TASK INPUTS:
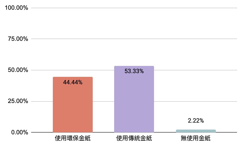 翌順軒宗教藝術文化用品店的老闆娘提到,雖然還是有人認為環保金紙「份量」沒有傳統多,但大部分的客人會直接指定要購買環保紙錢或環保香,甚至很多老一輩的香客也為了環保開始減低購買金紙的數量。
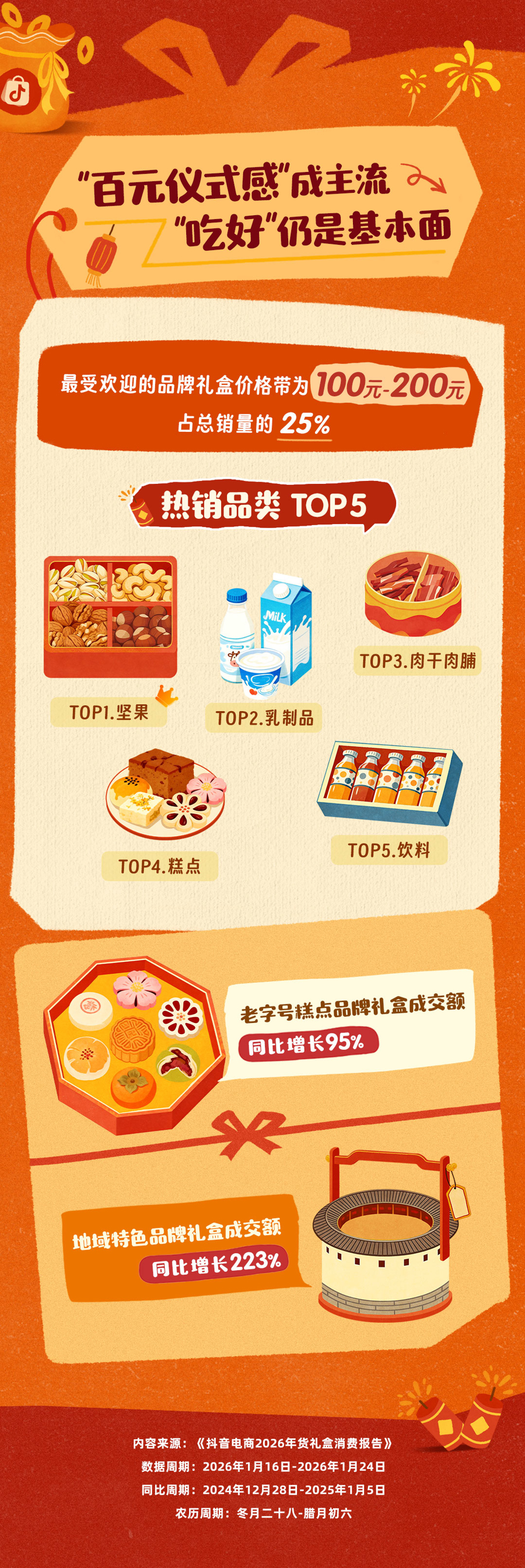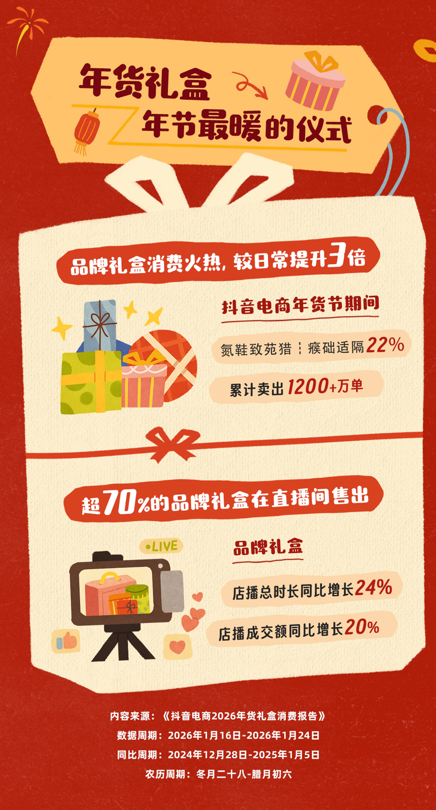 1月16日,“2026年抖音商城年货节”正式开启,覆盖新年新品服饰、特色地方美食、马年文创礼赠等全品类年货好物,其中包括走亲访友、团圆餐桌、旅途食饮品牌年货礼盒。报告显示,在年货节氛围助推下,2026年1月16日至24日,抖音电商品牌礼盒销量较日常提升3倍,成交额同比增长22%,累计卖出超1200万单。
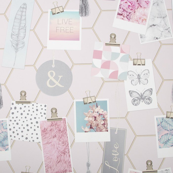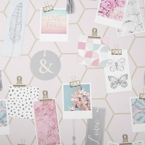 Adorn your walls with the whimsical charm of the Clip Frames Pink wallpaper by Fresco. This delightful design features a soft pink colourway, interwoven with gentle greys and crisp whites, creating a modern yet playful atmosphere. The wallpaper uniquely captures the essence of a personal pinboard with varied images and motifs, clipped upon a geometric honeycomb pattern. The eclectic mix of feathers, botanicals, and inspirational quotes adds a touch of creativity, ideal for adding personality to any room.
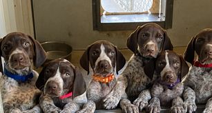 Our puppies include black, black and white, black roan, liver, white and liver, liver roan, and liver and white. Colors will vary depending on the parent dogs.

---

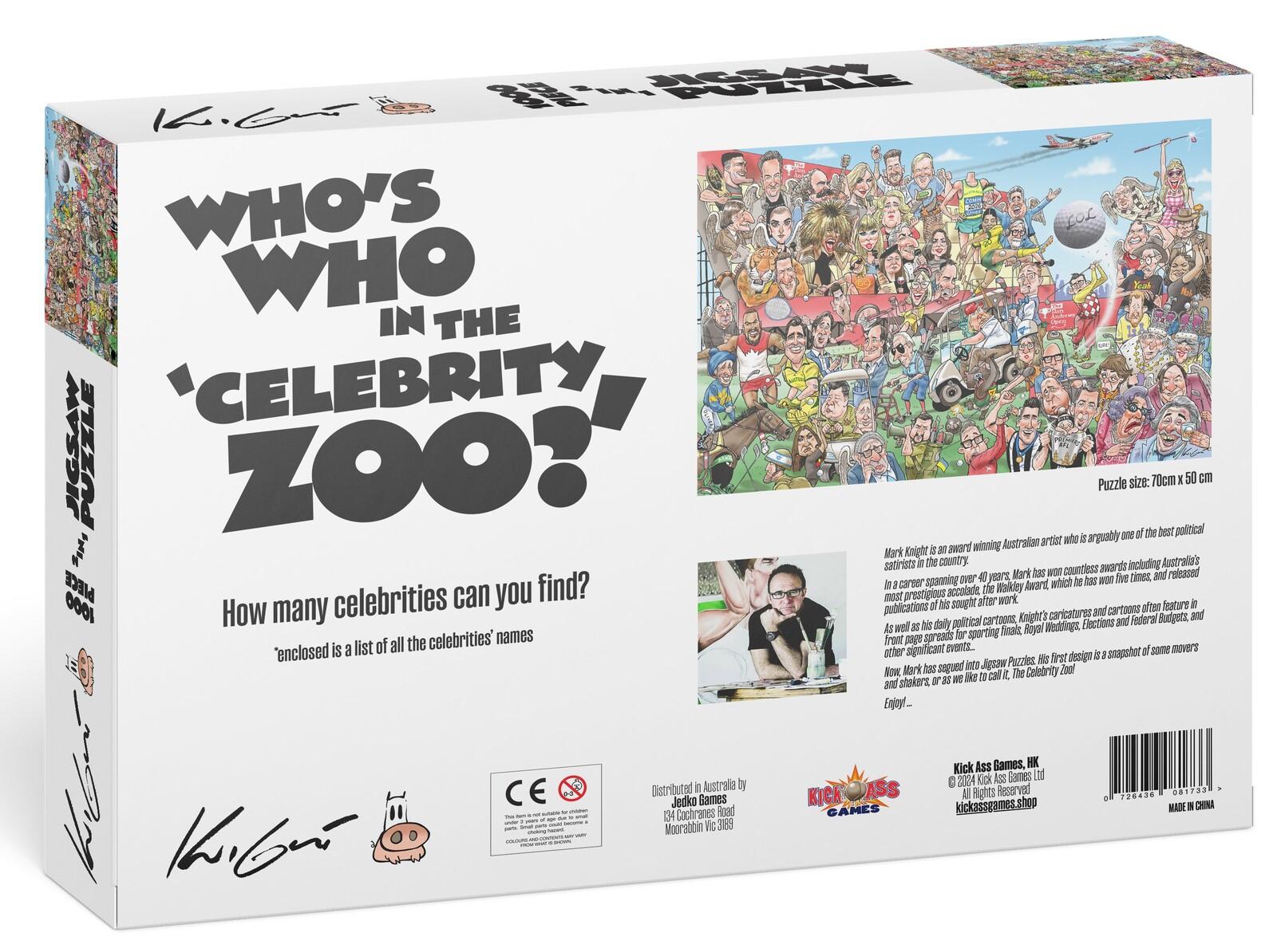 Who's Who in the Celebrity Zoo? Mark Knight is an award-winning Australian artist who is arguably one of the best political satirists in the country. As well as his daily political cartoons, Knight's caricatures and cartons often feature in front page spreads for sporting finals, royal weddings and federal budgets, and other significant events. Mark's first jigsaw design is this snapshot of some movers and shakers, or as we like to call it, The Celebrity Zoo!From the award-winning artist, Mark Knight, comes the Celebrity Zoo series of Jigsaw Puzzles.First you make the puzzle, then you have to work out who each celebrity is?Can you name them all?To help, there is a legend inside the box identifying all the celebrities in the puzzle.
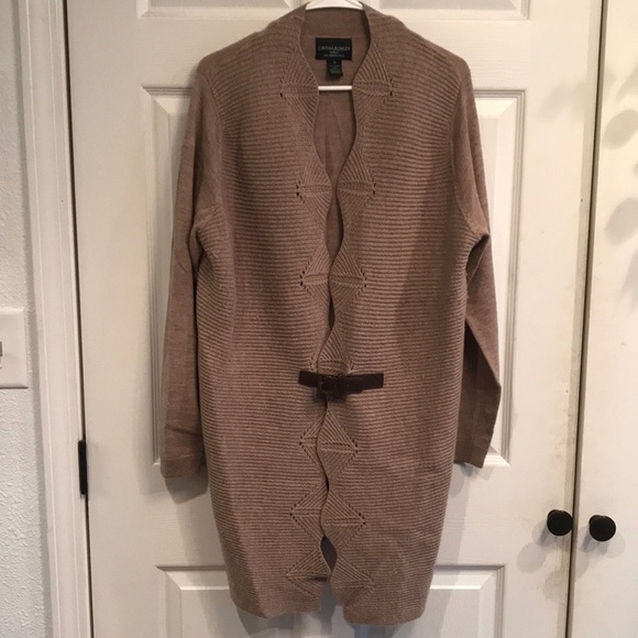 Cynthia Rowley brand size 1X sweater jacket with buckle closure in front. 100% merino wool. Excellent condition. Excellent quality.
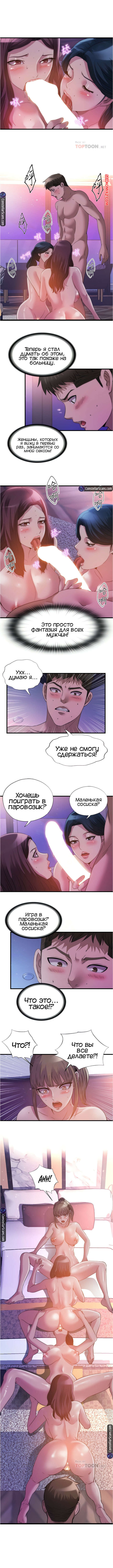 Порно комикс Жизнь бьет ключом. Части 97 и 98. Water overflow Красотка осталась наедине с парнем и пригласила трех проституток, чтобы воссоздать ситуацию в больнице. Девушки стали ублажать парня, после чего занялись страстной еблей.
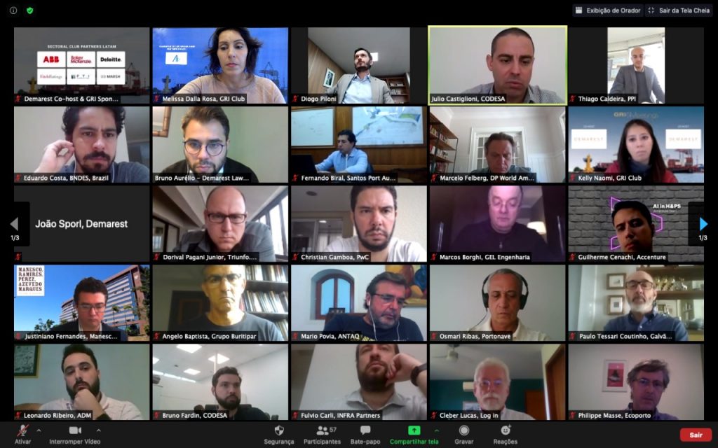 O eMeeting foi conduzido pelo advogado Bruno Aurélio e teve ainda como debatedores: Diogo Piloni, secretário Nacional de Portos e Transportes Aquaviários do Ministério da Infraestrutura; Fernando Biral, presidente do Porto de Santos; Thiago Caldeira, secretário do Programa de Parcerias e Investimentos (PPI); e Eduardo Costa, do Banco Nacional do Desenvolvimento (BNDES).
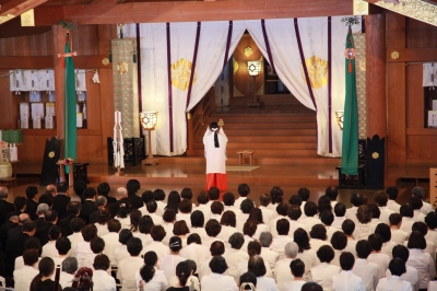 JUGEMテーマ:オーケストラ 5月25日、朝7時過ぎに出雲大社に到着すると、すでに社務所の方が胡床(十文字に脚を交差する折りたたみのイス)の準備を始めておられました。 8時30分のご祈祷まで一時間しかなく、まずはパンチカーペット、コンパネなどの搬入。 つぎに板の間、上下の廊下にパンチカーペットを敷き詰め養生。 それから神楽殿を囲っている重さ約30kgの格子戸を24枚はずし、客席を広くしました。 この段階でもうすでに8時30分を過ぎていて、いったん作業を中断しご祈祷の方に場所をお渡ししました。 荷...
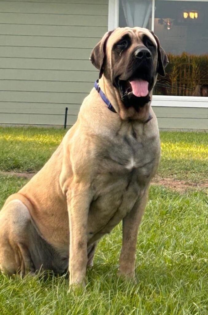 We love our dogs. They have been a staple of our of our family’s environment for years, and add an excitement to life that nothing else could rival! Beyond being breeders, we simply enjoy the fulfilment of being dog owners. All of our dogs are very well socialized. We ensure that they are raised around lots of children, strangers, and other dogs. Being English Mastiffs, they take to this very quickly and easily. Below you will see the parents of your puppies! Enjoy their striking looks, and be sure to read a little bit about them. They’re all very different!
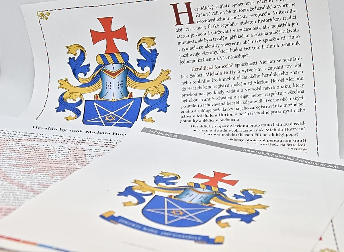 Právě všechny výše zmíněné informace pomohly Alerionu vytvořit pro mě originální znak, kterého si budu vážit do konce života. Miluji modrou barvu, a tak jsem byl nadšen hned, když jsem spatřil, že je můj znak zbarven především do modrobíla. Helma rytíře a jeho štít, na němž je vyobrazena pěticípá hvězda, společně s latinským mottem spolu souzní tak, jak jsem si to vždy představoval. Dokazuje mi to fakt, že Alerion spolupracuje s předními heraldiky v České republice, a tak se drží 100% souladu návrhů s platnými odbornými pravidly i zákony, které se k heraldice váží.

EXERCISE: Copy word for word the lines above, starting at the line containing "We love our" and ending at the line containing "Právě všechny výše", inclusive, with no pictures.

ANSWER FOR THE TASK:
 We love our dogs. They have been a staple of our of our family’s environment for years, and add an excitement to life that nothing else could rival! Beyond being breeders, we simply enjoy the fulfilment of being dog owners. All of our dogs are very well socialized. We ensure that they are raised around lots of children, strangers, and other dogs. Being English Mastiffs, they take to this very quickly and easily. Below you will see the parents of your puppies! Enjoy their striking looks, and be sure to read a little bit about them. They’re all very different!
 Právě všechny výše zmíněné informace pomohly Alerionu vytvořit pro mě originální znak, kterého si budu vážit do konce života. Miluji modrou barvu, a tak jsem byl nadšen hned, když jsem spatřil, že je můj znak zbarven především do modrobíla. Helma rytíře a jeho štít, na němž je vyobrazena pěticípá hvězda, společně s latinským mottem spolu souzní tak, jak jsem si to vždy představoval. Dokazuje mi to fakt, že Alerion spolupracuje s předními heraldiky v České republice, a tak se drží 100% souladu návrhů s platnými odbornými pravidly i zákony, které se k heraldice váží.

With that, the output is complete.